Scattered Among Strange Worlds
Scattered Among Strange Worlds, by Aliette de Bodard.  I told you before why you should read Aliette de Bodard, and I stick to my story here.  Scattered Among Strange Worlds is a collection of two short stories, one set in the same universe as On a Red Station, Drifting, and one set on Earth, though a future, different Earth.  I enjoyed these stories for many of the same reasons I enjoyed On a Red Station, Drifting:  they center on thoughtful women who are just living each day (though the first story does include the reminiscences of a rabble rouser, who is also a thoughtful woman), and they focus more on civilian life during a time of strife than they do on war maneuvers.

The first story is set at a funeral and has a wistful tone.  It really shows how people start revolutions and movements with a lot of hope and optimism for how things will change, but often ... things don't change that much.

The second story is set in France and the main character is a mermaid.  This story was also about well-meaning people trying to improve the lives of mer-people by bringing them to land, but the mer-people were just unhappy and desperate to fit into a world they did not really like.  This story referenced colonialism to my mind, but I find references to colonialism everywhere.

Both stories were very good, and I plan to read as much de Bodard as I can in future.  I recommend you to do the same.

The Sound of Waves
Yukio Mishima's The Sound of Waves is the only book by a Japanese author I read while in Japan.  I often try to read books written by authors from the place I am visiting, and I often fail at at this endeavor.  I also took The Devotion of Suspect X with me on my trip, but for some reason, it did not appeal to me.

The Sound of Waves is set on a Japanese island during the 50s or 60s.  It's a pretty remote island; everyone knows everyone else, and everyone fishes for a living.  Shinji is a young fisherman who is not particularly smart but is very hard-working and strong.  Hatsue is new on the island and generally pretty, so obviously everyone is intrigued by her, including Shinji.  The two meet and like each other instantly, but it's hard work being secretly in love on a tiny island, and the two become victims of gossip and misunderstandings before long.

This book has won several awards and is something of a modern classic.  I admit that I'm not sure why.  Maybe it was just my translation, but I didn't think it was very memorable.  I did enjoy many aspects of the novel.  There are beautiful descriptions of island life, the theme of Japanese traditions at war with western influence, the impact of cruel gossip in a tiny tine, the sacrifices people make for family.  And it was refreshing to see a story about two teenagers who didn't really have much angst - there wasn't really a love triangle, the two didn't toy with each other's feelings, and they were pretty much completely honest with each other.  Woohoo!  But I didn't find the characters very interesting.  I think Mishima has written longer novels, too, so I think I may check one of those out - perhaps the characters will have more time to develop in a longer form novel and I will be more engaged.


  1. Sounds good enough :)

  2. The mermaid story sounds particularly good -- and surely the echos of colonialism were intended?

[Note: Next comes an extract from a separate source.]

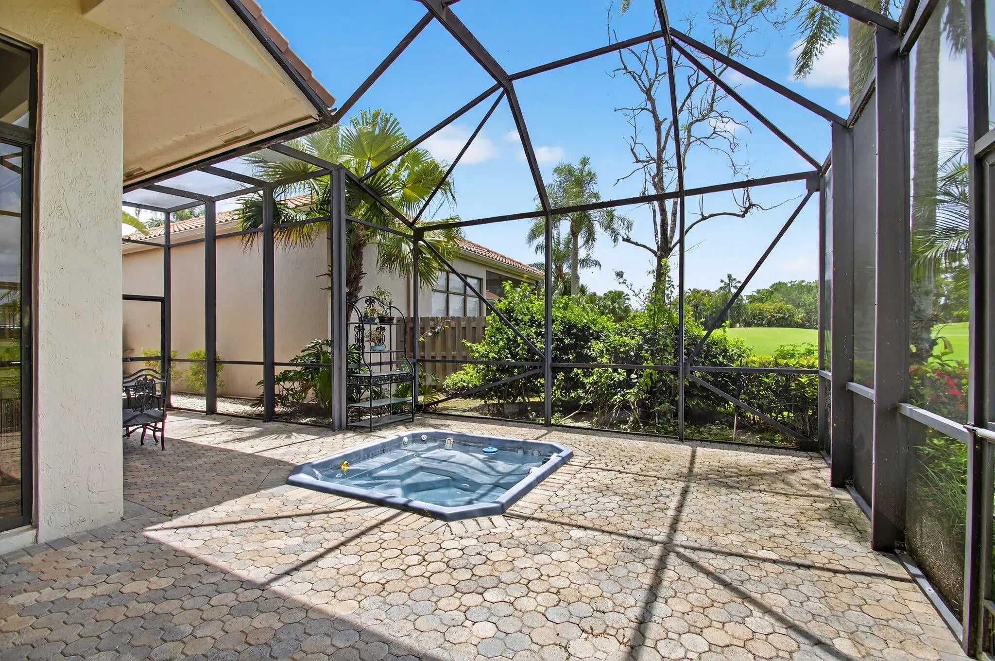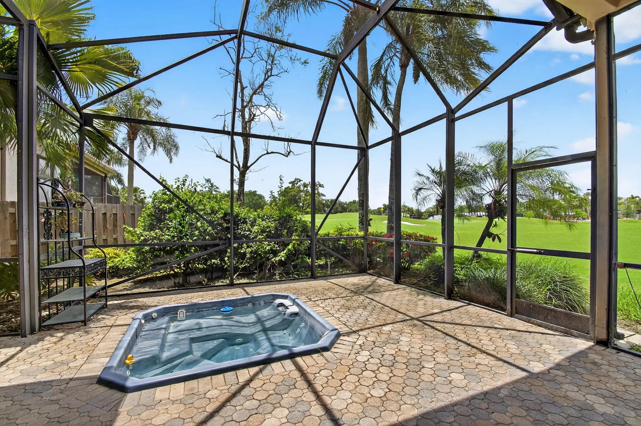 Welcome to your new home in Wycliffe Golf & Country Club! Situated on the 9th hole of the prestigious West Golf Course, this single-family residence offers panoramic golf & clubhouse views right from your backyard. The expansive, screened-in & covered patio with in-ground jacuzzi creates the perfect setting for outdoor living, relaxation, & entertaining. The home features a new roof (2021) and a remodeled open-concept kitchen that flows seamlessly into the main living space. A Social membership is available for purchase, giving you access to Wycliffe's renowned amenities, social events, dining, and more. Whether you're starting your mornings with a golf course sunrise or winding down in the jacuzzi under the stars, this home offers the ideal setting to enjoy the best of Florida living. Wycliffe Golf & Country Club Is a mandatory membership community, with one of the best lifestyles In South Florida. Showcasing two newly renovated challenging 18 hole championship golf courses, with contrasting styles. There are 14 Har-Tru tennis courts, with center court Stadium seating. The sports court features 8 pickle ball courts, plus 4 Bocce courts. Private dining room "Flavours" surpasses the highest expectation. The "Watermark", dining room continues to have great parties and entertainment, and who doesn't love our "Grill" for breakfast, lunch and dinner. Wait until you see "The Cliff". This lobby bar and lounge is the highlight of the recent renovation. In addition, we love our state-of-the-art fitness center, with Pilates studio and classes, aerobics, yoga, spin, water aerobics, personal trainers and more fitness classes than a person could take in a day. Thyre is our full-service spa, offering retail products along with fine services. Enjoy the sauna, steam, and Olympic Size Swimming pool. Wycliffe offers Ladies and Men's card rooms, clubs and organizations for every interest. Fabulous programs and special events, lots of dinner dances, trivia nights, shows and activities. When needed we even have physical therapy on campus. Best of all we are located just minutes from the International Polo and Dressage and Jumping events, at the Wellington Equestrian Center. Centrally located, Wycliffe has easy access to Boca Raton, Delray Beach, Palm Beach, City Place and the West Palm Beach airport. Wycliffe homeowners association provides Comcast high speed internet, telephone and cable TV to contain the X1 platform with whole-house DVR, High Definition and 3 additional HD boxes which cover up to 4 TVs with voice activated remotes, including HBO and Showtime. The high speed internet service of 150 mbps speed and telephone service, local and long distance calling, included in the HOA. All landscaping maintenance, sprinkler systems, exterior painting, pressure cleaning the roofs, and security is included in the quarterly HOA maintenance fee. Wycliffe has roving guards, paramedics on campus, monitored alarm systems, and manned gates. Yes You Deserve it!

It sounds that way from your synopsis.

    1. I think they must have been - especially considering de Bodard's background.

  3. I just finished reading On a Red Station, Drifting just yesterday and am totally blown away by de Bodard's writing - I am definitely planning to read more by her! I have a copy of Mishima's Spring Snow which I've been meaning to read for the last few years but alas. My mother says he has a beautiful writing style if you read his novels in Japanese but many of my Japanese friends have said that you either love or hate his work...

    1. Yay, I'm so glad you read and enjoyed her! I may try one more Mishima. Perhaps the translation I read wasn't the best?